To figure out the distribution of temperature gradient along the girder height of steel-concrete composite box girder, combined with the mechanical characteristics of prestressed concrete composed box girder with corrugated steel webs, the calculation formulas of cross-sectional temperature stress along the span in a simply-supported beam bridge with composite section were derived under the conditions of static equilibrium and deformation compatibility of the beam element. The methods of calculating the maximum temperature stress value were discussed when the connectors are assumed rigid or flexible. Theoretical and numerical results indicate that the method proposed shows better precision for the calculation of temperature self-stress in both the top and the bottom surfaces of the box girder.
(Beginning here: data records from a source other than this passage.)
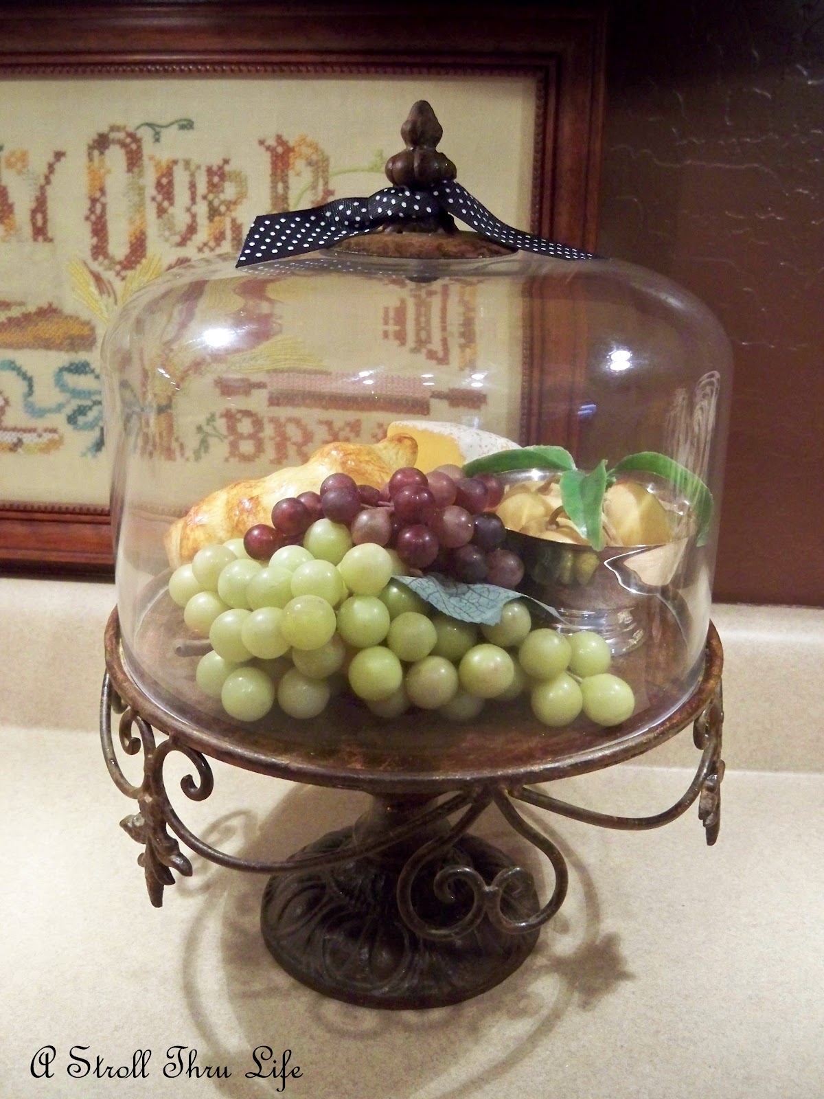 The cakestand coordinates with the rooster cloche and right now it is holding some faux cheese, grapes and croissants.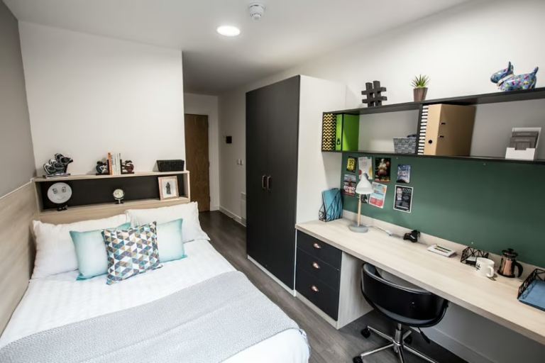 Room comes with a spacious double bed, storage, desk, bathroom & select furniture. Access to a fully-equipped communal kitchen, shared with two other people.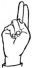 На ћирилици написано КАТАРИНА АРСИКИН састоји се из 15 слова [?]. Исписано ћириличном једноручном азбуком за глувонеме: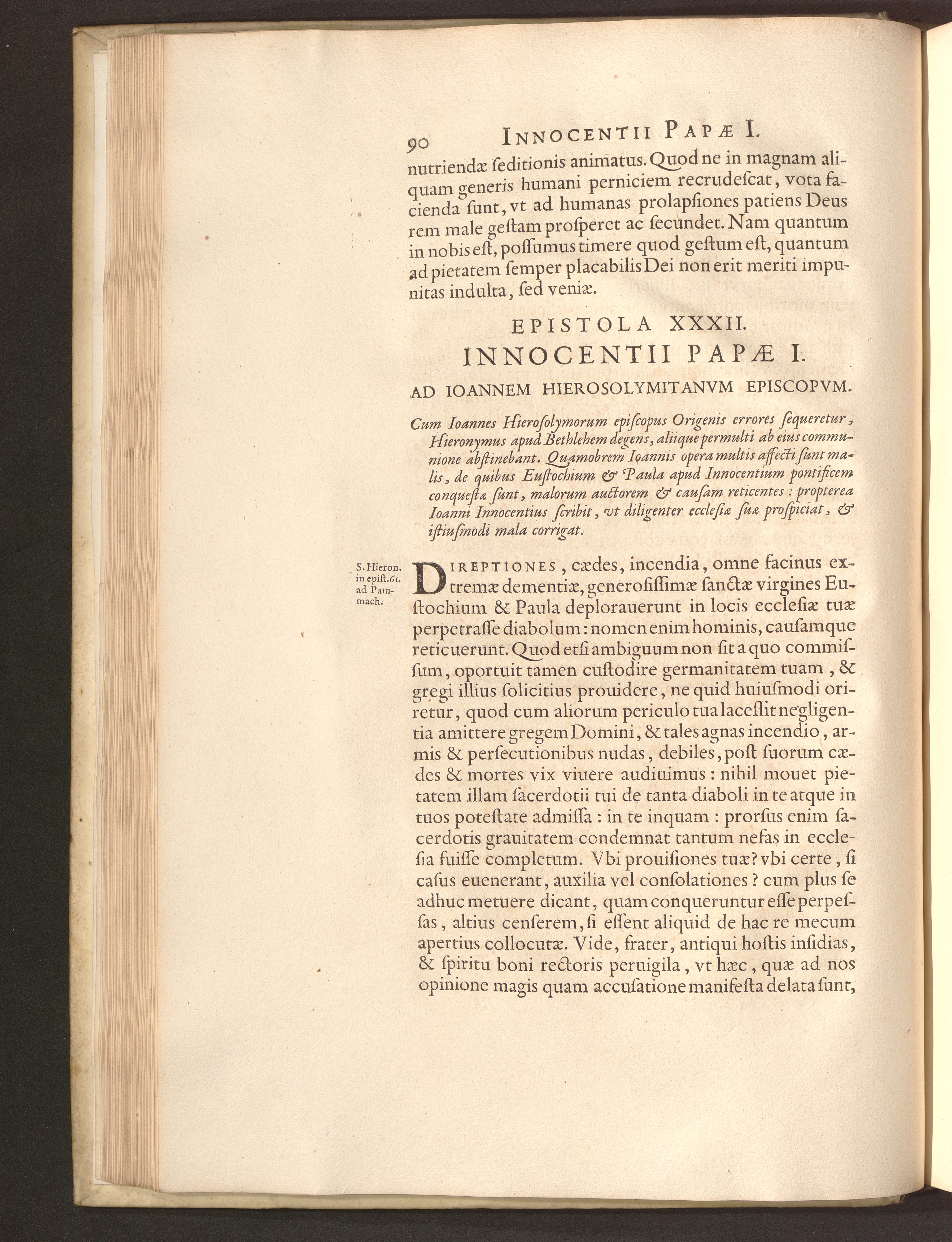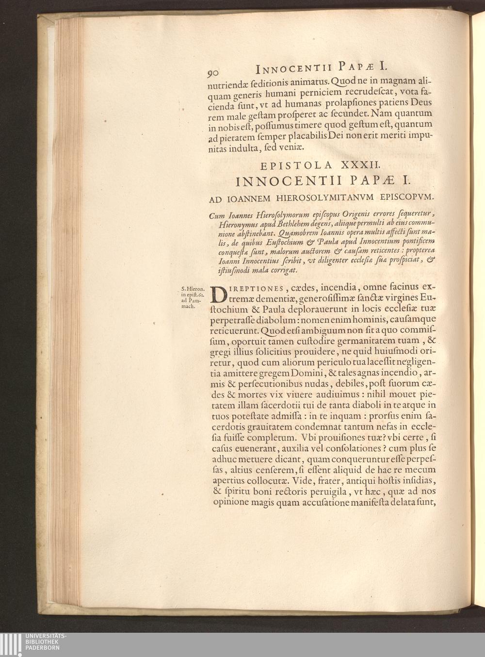 Epistola XXXII. Innocentii Papae I. Ad Ioannem Hierosolymitanvm Episcopvm.

Moreover, the regularity of temperature stress distribution at different locations along the girder span is that the largest axial force of the top or the bottom plate of the box girder is located in the midspan and spreads decreasingly until zero at both supported ends, and that the greatest longitudinal shear density in steel-concrete interface appears at both supported ends and then reduces gradually to zero in the midspan.Reliable computational prognoses of the structural integrity and serviceability throughout the lifetime of structures require the realistic consideration of the damage behaviour of the construction materials for various loading scenrios including static and cyclic loading, environmental loading processes such as moisture and heat transport, corrosion processes, freeze-thaw actions and possible interactions between these long- and short-term processes. Both, load-induced damage
mechanisms such as evolving microcracks and physically and chemically induced deterioration originate from mechanical, physical and chemical processes starting at lower scales of the microstructure of the materials. Investigating and understanding these processes acting at various scales is a prerequisite for the development of adequate and suitable material models suitable for life-time oriented simulations.
为了找出温度梯度沿钢筋混凝土组合箱梁梁高度的分布,结合预应力砼组合箱梁波形钢腹板的机械特性,横截面温度应力的计算公式沿跨度在复合段简支梁桥进行静平衡和梁单元的变形协调的条件下得到的。当连接器假定刚性或柔性的计算最大温度应力值的方法进行了讨论。理论和数值结果表明,对于自身温度胁迫中的顶部和所述箱梁的底面的计算方法提出节目更好的精度。此外,在沿梁跨度不同位置温度应力分布规律是,顶部或箱梁的底板的最大轴向力位于中跨和扩散渐减直到零双方都支持两端处,并且该在钢 - 混凝土接口最大纵向剪切密度出现双方都支持两端处,然后在整个结构的寿命所需要的现实考虑的建筑材料的破坏行为的逐渐减小到零的结构完整性和可维护性的计算预后关于各种装载包括静态和循环加载,环境负荷过程,如湿气和热量输送,腐蚀过程,冻融动作和这些长期和短期的进程之间的可能的相互作用。既,负载诱导损伤的机制,例如演进的微裂纹和物理和化学上从机械,物理和化学过程诱导劣化源于起始材料的微观结构的较低比例。调查和了解作用于各种规模的这些过程是适合生命周期导向模拟足够和合适的材料模型发展的前提。